Bird Droppings: Not Dem Boyz

thanks to reader Brian for the pic

It always amazes me to see the difference in the Philly reaction to an Eagles game compared to the reaction take of a relative outsider.

Mark Saltveit, who writes our immediate non-recap game recap, lives and hails from Oregon. He’s made a name for himself, locally, by writing two books on Chip Kelly, whom Mark, obviously, became familiar with during Chip’s time at Oregon. After each of the past three games – all at night… – I’ve woken up early, once-over-ed Mark’s piece that was finished at some East Coast hour with which I’m unfamiliar, and hit publish. Each time, it strikes me how reasoned and non-reactive his piece is compared to EVERYONE ELSE IN PHILADELPHIA, myself included.

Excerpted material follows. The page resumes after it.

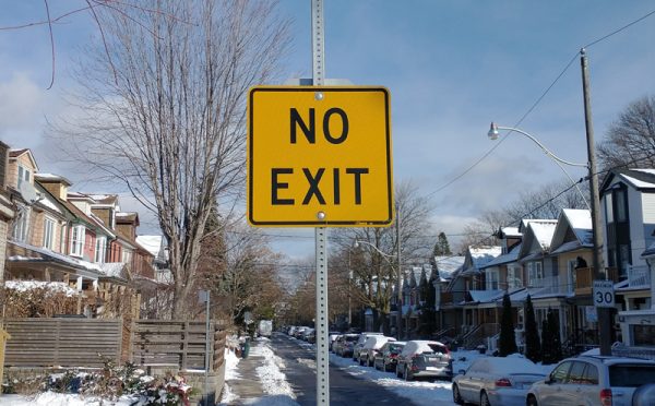 By the way, this is not an original idea. A citizen-led initiative mapped hundreds of Yes-Exit streets in Toronto. Dylan Reid, a founder of Walk Toronto who spearheaded the project notes that “No Exit” signs as we know is a clear evidence of car-centric planning: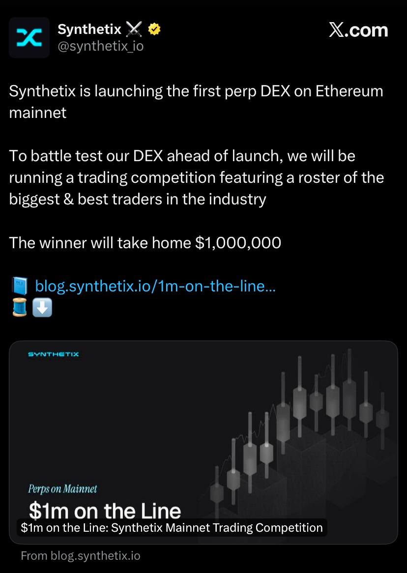 Synthetix will launch a $1M trading competition on its perp DEX on Ethereum mainnet starting October 202

Being on Twitter during an Eagles game is a special experience. Every three-and-out is a reason to fire the coach. Every drop produces a public flogging candidate. Bad calls are a sign of a fixed league. And amplifying the tenor is the fact that everyone in the media and the most influential fans follow each other, leading to a delirious echo chamber of fervor that overreacts to literally everything that happens in the game. I think it skews our ability to be reasonable. Being on Twitter during Eagles games is what I would imagine it would be like to watch a game with Angelo Cataldi– CHIP DOESN’T GO FOR IT THERE?! HE SHOULD BE FIRED! I WANT AN INQUISITION, A CONGRESSIONAL HEARING ON THIS DOPE!!!! It’s so bad that, when combined with the Eagles’ atrocious starts this season, it’s got me watching games like:

We’re from Philadelphia, and we panic.

My point is: Maybe the Eagles aren’t so bad. I planned on coming on here this morning and digging into the Birds for their countless gaffes and blunders that often make them unbearable to watch, even when they win. Like Bob Ford did. But after reading Mark’s piece, I have the sudden urge to praise Sam Bradford, DeMarco Murray and Chip Kelly… and now also anxiety about how I’m going to blog a playoff game with a newborn in January.

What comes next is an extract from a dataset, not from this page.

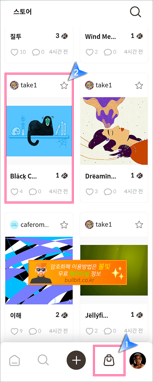 1. 이번에는 마이템즈에서 NFT를 구매하는 방법입니다. 화면 하단의 마켓 아이콘을 클릭한 후, 자신이 마음에 드는 NFT를 선택합니다.

Yes, humans, things are actually looking up. The Eagles are 4-4 and their next three games come against quarterbacks Ryan Tannehill, Jameis Winston (much improved), and Matthew Stafford. Oh, if there were ever a time for a run, this is it. To the Droppings!


Happy Birthday, Mr. Sammy Pants, Happy Birthday… to… you

Sam Bradford turned 28 yesterday and ended his day with a walk-off win at a 11:58 p.m. against the Cowboys on national TV. He showed why trading for Colin Kaepernick would’ve been the height of stupidity. [I don’t think Chip ever considered it, but our ridiculous media would like you to believe he did.] The Eagles are in this thing, and Bradford had improved in three of his last four games. Last night, he took another small step for fans, but a giant leap for Samkind. After yet another disastrous start (let’s just build this into expectations from now on) in which he again nearly got Jordan Matthews killed…


… the quarterback Sam settled down nicely, and played very well in the second half and overtime. He ended 25-for-36 with 295 yards, 1 touchdown and, more importantly, no interceptions. Bradford, it seems, when not a liability, can actually help Eagles win. In fact, he looked great from the third quarter on last night. The Eagles had their tempo back and Bradford was feeling confident. Look at some of these throws:

That’s the Sam we thought we were getting. This was easily his best game as an Eagle, and perhaps his first signature win. I mean, sure, with his helmet off he still looks like Special Ed from Crank Yankers

Thanks to reader Dennis for the pic
Thanks to reader Dennis for the pic

… but let’s cut the guy some slack. After all, it was his birthday.

I give Sam 1.8 headlights for this game.


The game winner

Great shot from Cindy Webster of WIP:


Charles in charge

Better have some vodka in that thing
Better have some vodka in that thing

That’s who was running the Eagles for much of the first seven games of the season– Charles Kelly. Not Chip. Chip is the big-balled alter ego of the portly Kelly, like Matt McConaughey is the cooler Oscar-winning alter ego of rom-com star Matthew. Besides his curious, overly conservative decisions early in the season, especially with regard to kicking and fourth downs, Charles never had his team ready for games. That remained the case yesterday, as we watched an alarming six-and-out (penalty gave them the first down) on the first drive of the game. In fact, the Eagles punted on their first three drives and four of their five in the first half. Say what you will about Andy Reid, but he always had his team ready to go after a bye week.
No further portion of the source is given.